Nouvel or noir… Nouvelle révolution industrielle… Le big data apparaît comme la solution miraculeuse pour augmenter la performance et les profits des entreprises. Est-ce simplement un mirage numérique ? Les données massives sont-elles utiles pour toutes les entreprises ? Des chercheurs du Canada et de la France en ont discuté lors d’un colloque au congrès de l’Association francophone pour le savoir (ACFAS), qui a eu lieu plus tôt ce mois-ci à l’Université McGill.
« J’ai une réserve sur ce genre d’outil, soutient Christian Marcon, professeur en sciences de l’information et de la communication à l’Université de Poitiers, en France. Je ne dis pas que ça ne marche pas, mais il faut suffisamment de données et des logiciels assez puissants pour traiter ces données-là. »
« Si j’étais décideur, ça me gênerait beaucoup de décider sur la base d’équations auxquelles je ne comprends rien. »
— Christian Marcon
Christian Marcon a présenté le résultat de son étude réalisée auprès de PME françaises lors du colloque. Son constat : les grandes entreprises ont les moyens d’utiliser les données massives, d’acheter des logiciels coûteux et d’engager des employés qualifiés pour les opérer et analyser les résultats. Ce qui n’est pas le cas des PME.
« Employer une personne qui a des compétences, ça suppose que l’entreprise ait suffisamment de données, poursuit-il. Ou qu’elle en achète de l’extérieur, en plus de logiciels. Et pour donner quoi en pourcentage d’efficacité ? Je suis certain que certaines entreprises doivent se demander quel type de données va leur servir à quelque chose. »
Les sociétés
Un autre participant au colloque, Antoine Henry, doctorant à l’Université Aix-Marseille, concentre ses recherches sur Gaz Réseau Distribution France (GRDF), principal distributeur de gaz naturel en France et en Europe. Même si ses résultats sont plus concluants, le doctorant émet des réserves.
« Contrairement à ce que certains prétendent, affirme le chercheur, on ne peut pas prendre plein de données et voir ce que ça donne. Il faut une matière première propre. Si on veut quelque chose de vraiment fin, ça demande un peu plus de travail. Une vraie compétence. Sinon, on se retrouve avec des corrélations aberrantes. »
« Les décideurs ont besoin de se rassurer et de légitimer leur fonction, alors ils suivent la mode. La mode, c’est le big data.
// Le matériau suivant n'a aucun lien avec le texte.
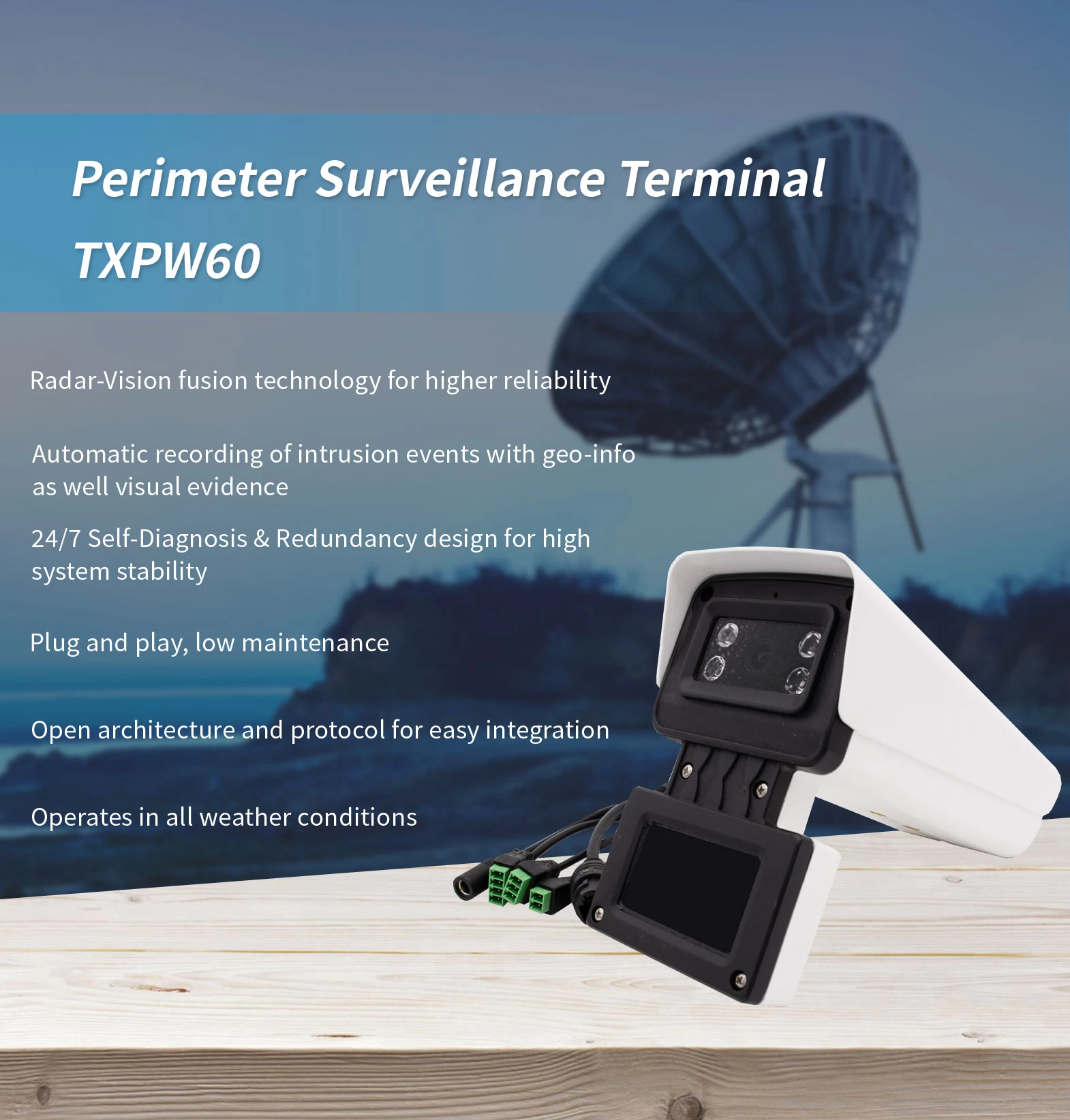 By adding a radar module to the security camera,the security level can be greatly enforced. The radar can work well in the rain, snow, fog, and even in the night, and it can detect the target with the high resolution. So, this radar video integrated terminal can work all the day and night, and make alarm to the back-end on any intrusion.

On leur explique qu’avec le big data, ils vont mieux anticiper les décisions, ils vont mieux savoir ce que cherche le client. »
— Christian Marcon, professeur à l’Université de Poitiers, en France
Le marketing et l’éthique
Vous nourrissez chaque jour le big data… avec vos applications, vos données bancaires, vos cartes de fidélité, votre GPS. Si toutes les entreprises détiennent les mêmes informations sur chaque individu, est-ce toujours aussi efficace ?
Eli Elia, professeur au département de management et technologie de l’UQAM, croit qu’on sous-estime le potentiel du big data. Il soutient qu’actuellement, on peut non seulement analyser le comportement des gens, prévenir leurs faits et gestes, mais aussi les inciter à adopter un comportement précis.
« Si ce n’est pas bien gouverné, il va y avoir du dérapage dans l’utilisation des données, c’est inévitable », affirme-t-il.
« L’individu laisse des traces dans sa routine. On est capable de détecter des anomalies. Des changements d’habitudes. Et on a maintenant ces données. Sans dire que tu viens de te séparer ou de vivre un deuil, l’algorithme va te catégoriser selon un chiffre. Par la suite, il va te proposer des choses pour un objectif qui n’est pas nécessairement éthique. Si une personne est suicidaire, est-ce que c’est le moment de lui proposer d’acheter une voiture de sport ? »
De son côté, le chercheur Christian Marcon redoute d’être dénoncé par son réfrigérateur.
« Ce que je crains avec le big data, c’est que mon assurance maladie m’envoie un message : “Ce serait bien que vous mangiez moins de choses grasses, car votre frigo nous dit que vous avez acheté des choses grasses. Ce serait bien de manger moins de choses grasses, sinon on va augmenter votre prime d’assurance.” »
« Un tout petit peu moins de vie privée pour tellement plus de bénéfices, c’est du baratin de propagande », conclut-il.